**What you are asked to do**: Any images in the material are to be dropped while every line is retyped exactly.

**Raw data**:
========
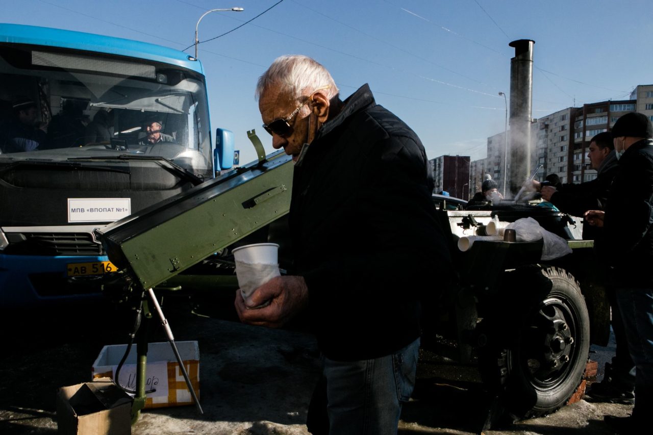 В районе Чуркин для жителей развернули полевые кухни, где люди могли поесть горячей еды и попить чаюФото: Наталья Булкина Горожане практически единодушны во мнении: если они не самоорганизуются, чтобы спасти самых уязвимых, те погибнут. Они стали помогать друг другу сами. В наиболее пострадавший район — Первомайский (который все называют Чуркин — по названию мыса, на котором он расположен) — стали выходить волонтеры. Один из них, Валентин Сиденко, вместе с женой с утра до вечера возит по заблокированным в квартирах людям еду, воду и газовые плиты. Сначала они планировали разовую акцию, но, увидев, в каком состоянии земляки, остановиться не смогли.
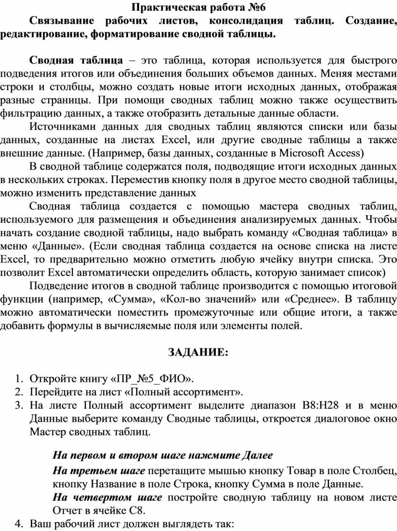 Связывание рабочих листов, консолидация таблиц. Создание, редактирование, форматирование сводной таблицы.
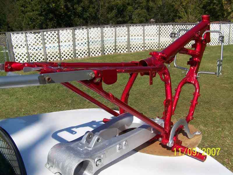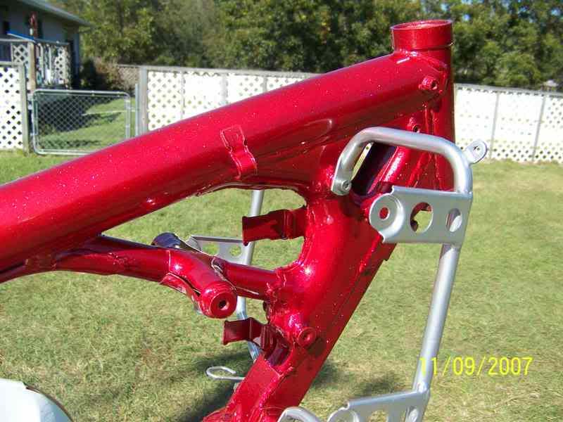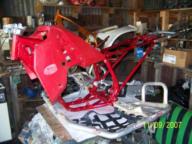 well I finaly started the assymbly of some of my partsof my flat tracker (not racing any longer) for the 08 season, first off the frame is 2 inches longer to better suit my ginormous size its painted in House Of Kolor candy apple tangerine with tons of HOK red micro flake and HOK red Ice pearl, also are a few peices that I had pc'ed chrome from FULL SPECTRUM POWDER COATING (dreadhed) also is the trx 450R swinger I will be using since this is the early model it is -1, also I set my oem short track tank I picked up for a song while back on there, I wil be reusing my black frnt fender and rear fender, but will redo all the stickers with new ones, yet to be finished is my motor wich will be done in the next 2 weeks. still have a ways to go, but its started now!!
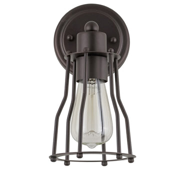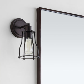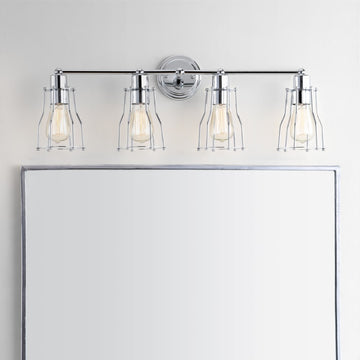 Define your bathroom or vanity space with the handsome industrial look of this chrome sconce, which can be hung in either direction according to your preference. This classic industrial cage bath light features a hand-worked chrome-plated frame and round wall plate in a polished finish. Edison-inspired bulbs add a vintage touch within the fixture, while the machined details of the shade cage evoke the turn of the century, when exposed bulbs were in vogue as only the most affluent households had upgraded to electricity from candlelight. This trend-forward, yet classic style is sure to be a classic for another century to come.
========
**Completed task**:
 В районе Чуркин для жителей развернули полевые кухни, где люди могли поесть горячей еды и попить чаюФото: Наталья Булкина Горожане практически единодушны во мнении: если они не самоорганизуются, чтобы спасти самых уязвимых, те погибнут. Они стали помогать друг другу сами. В наиболее пострадавший район — Первомайский (который все называют Чуркин — по названию мыса, на котором он расположен) — стали выходить волонтеры. Один из них, Валентин Сиденко, вместе с женой с утра до вечера возит по заблокированным в квартирах людям еду, воду и газовые плиты. Сначала они планировали разовую акцию, но, увидев, в каком состоянии земляки, остановиться не смогли.
 Связывание рабочих листов, консолидация таблиц. Создание, редактирование, форматирование сводной таблицы.
 well I finaly started the assymbly of some of my partsof my flat tracker (not racing any longer) for the 08 season, first off the frame is 2 inches longer to better suit my ginormous size its painted in House Of Kolor candy apple tangerine with tons of HOK red micro flake and HOK red Ice pearl, also are a few peices that I had pc'ed chrome from FULL SPECTRUM POWDER COATING (dreadhed) also is the trx 450R swinger I will be using since this is the early model it is -1, also I set my oem short track tank I picked up for a song while back on there, I wil be reusing my black frnt fender and rear fender, but will redo all the stickers with new ones, yet to be finished is my motor wich will be done in the next 2 weeks. still have a ways to go, but its started now!!
 Define your bathroom or vanity space with the handsome industrial look of this chrome sconce, which can be hung in either direction according to your preference. This classic industrial cage bath light features a hand-worked chrome-plated frame and round wall plate in a polished finish. Edison-inspired bulbs add a vintage touch within the fixture, while the machined details of the shade cage evoke the turn of the century, when exposed bulbs were in vogue as only the most affluent households had upgraded to electricity from candlelight. This trend-forward, yet classic style is sure to be a classic for another century to come.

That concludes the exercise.